Decisionismo e anima democristiana

Non vi sono dubbi il nostro Primo ministro vive un momento di difficoltà: aveva promesso che la soluzione italiana per Alitalia sarebbe andata in porto e si trova invece alle prese con le - non del tutto preventivate - resistenze della Cgil e soprattutto del compattissimo sindacato dei piloti. Tutto ciò insieme ad alcune perplessità che affiorano nella cordata di imprenditori rischia di portare la compagnia al fallimento.


Al fallimento e quindi alla cassa integrazione per i lavoratori, al blocco dei voli e degli aeroporti (i dipendenti Alitalia a quel punto non resteranno con le mani in mano), al caos insomma. E il caos Berlusconi non lo sopporta, perché indipendentemente dalle ragioni e dai torti, il caos significa ingovernabilità, immagine incrinata e inevitabile calo dei consensi. Come è potuto accadere? Perché Silvio nella fretta di ”fare” non ha dato il giusto peso all'anima: intendiamo dire la complessa anima del proprio elettorato e in buona misura anche del resto del popolo italiano. Vediamo di cosa si tratta.

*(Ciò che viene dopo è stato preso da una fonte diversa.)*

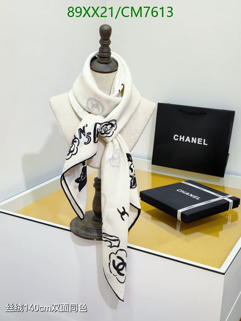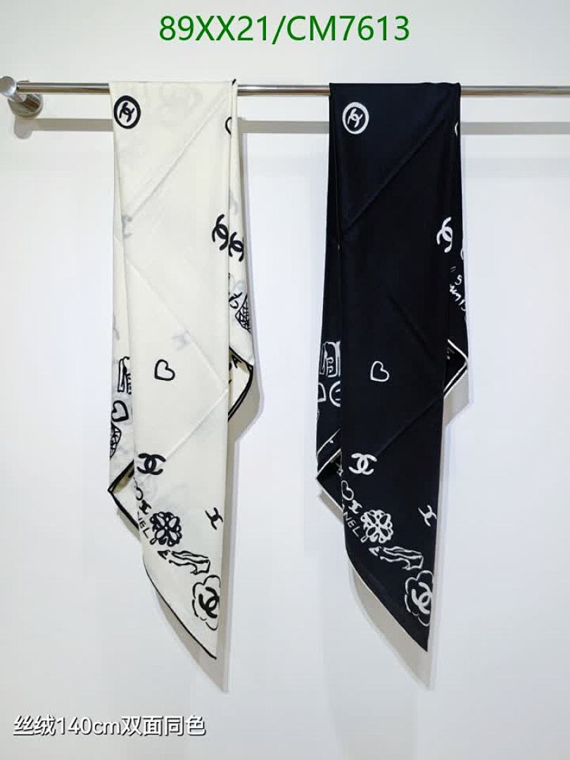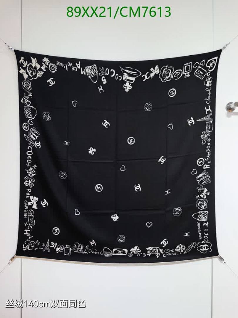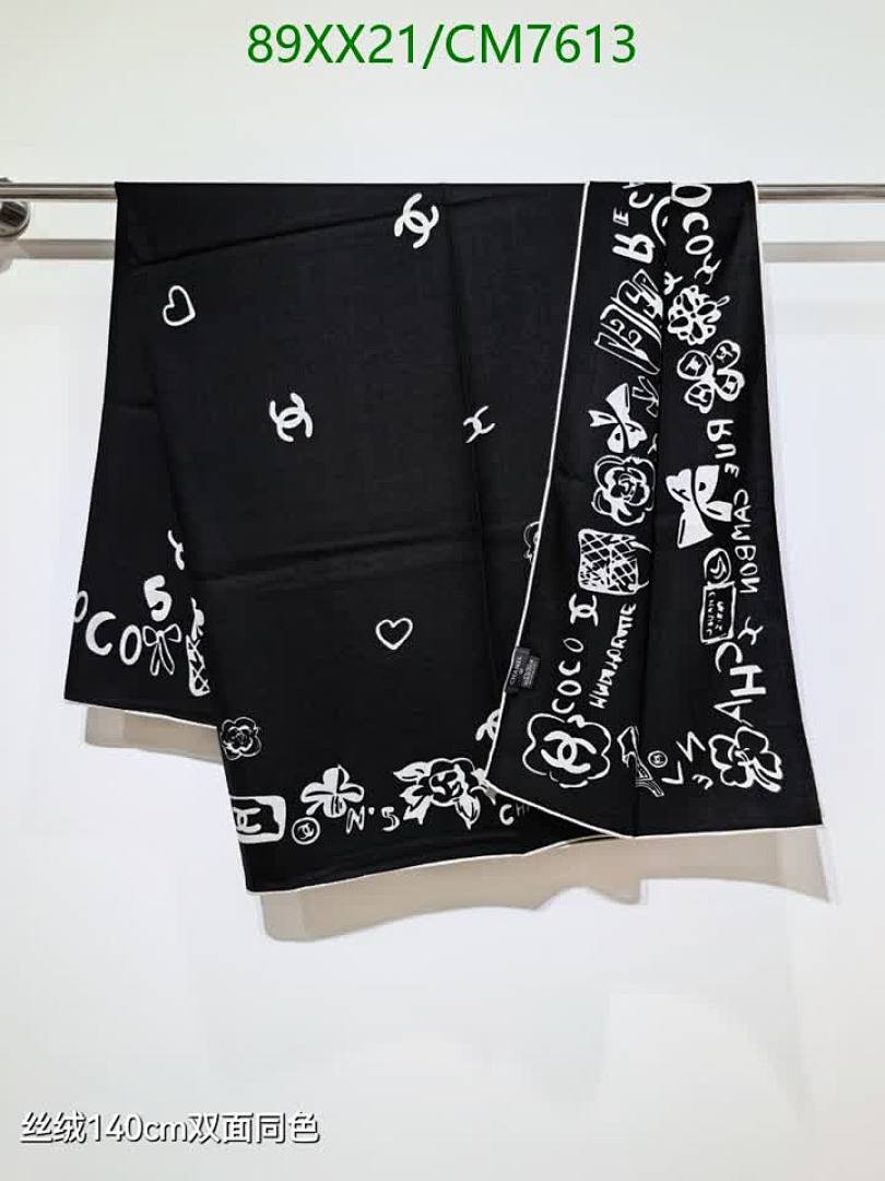 Elevate your wardrobe with this timeless Chanel scarf, a symbol of luxury and sophistication.
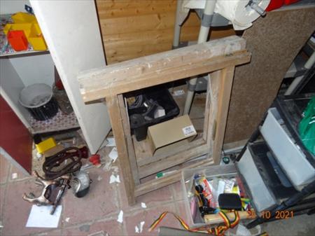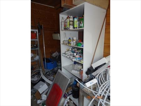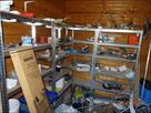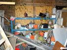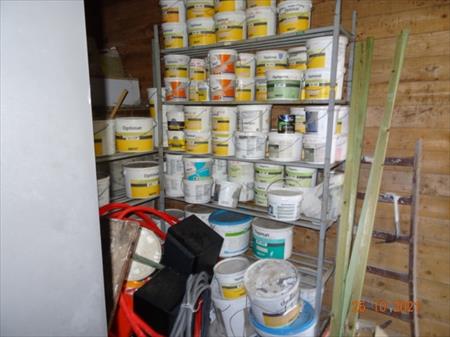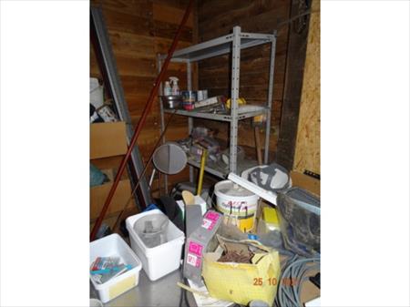 Contenu du local (une étagère rack bleu 6 lisses , étagères mécano , divers peinture, tréteaux , tables,,,,,) Lot situé à l'extérieur

Gli italiani dunque - e in misura molto più accentuata gli elettori di centro-destra - da Berlusconi volevano due cose: in primo luogo che governasse da ”democristiano”, che non fosse invasivo, che lasciasse le cose come stanno, che non turbasse l'oliata redistribuzione della spesa pubblica, che non desse fastidio alle varie corporazioni, che facesse vivere e lasciasse vivere; in secondo luogo - soprattutto nel laboriosissimo nord dove si annidano gli animal spirits della repubblica - ci si attendeva che mettesse le cose a posto, che lanciasse i Brunetta, i Maroni, le Gelmini, i Tremonti, che mettesse mano alla sicurezza, all'economia, che raddrizzasse quanto possibile il franante sistema pubblico italiano, che tenesse a bada la minaccia alle identità profonde del paese.


A guardarle da vicino entrambe le cose rinviavano e rinviano ad un profondo bisogno di protezione: da un lato il vecchio caldo mondo di ieri, dall'altro una riverniciatura all'italiana di un approccio decisionista che abbiamo visto usare con successo nei paesi anglosassoni (partendo dalla Thatcher e finendo con Blair). Purtroppo le due cose non riescono a stare assieme, o meglio tengono finché i nemici sono gli altri o sono costituzionalmente deboli (si chiamino immigrati, precari della scuola, fannulloni vari, prostitute, etc); non tengono più quando ci si scontra con le strutturate corporazioni italiane: ieri i tassisti e i camionisti, oggi gli assistenti di volo e piloti, domani magari le forze dell'ordine, o ancora i magistrati, i professori universitari, etc.


Con questi non si scherza perché costituiscono le dorsali forti del paese, posseggono gli scrigni della professionalità, del potere di veto (possono mandare il paese nel caos) della continuità dello stato. Nella vicenda Alitalia il premier è andato a sbattere contro di questi e paradossalmente ora la doppia anima del suo elettorato è in subbuglio: l'anima democristiana aliena dal conflitto e incline alla permanente mediazione guarda alla vicenda Alitalia con vago timore chiedendosi se magari domani non possa capitare a lei di venire ”esuberata”; l'anima decisionista sogna efficienza, conti in ordine, azioni esemplari alla Margaret Thatcher.


Il povero premier si trova nei guai e non basta a consolarlo il fatto che l'opposizione boccheggia ripetendo come un disco rotto che bisognava vendere ad Air France - quasi che la Cgil qualche responsabilità non l'abbia avuta nella mancata vendita ai francesi. No, non basta perché Silvio intuisce di essere arrivato a un’ inattesa dissociazione: non può dare ascolto all'anima mediativa e democristiana - non ci sono più le risorse economiche di un tempo e gli imprenditori sono lì per guadagnare - mentre invece se pigia sull'acceleratore del decisionismo rischia di entrare in una sorta di Vietnam, piccolo ma pericolosissimo per la sua immagine. Insomma, un vero guaio e tutto per una promessa elettorale sbagliata.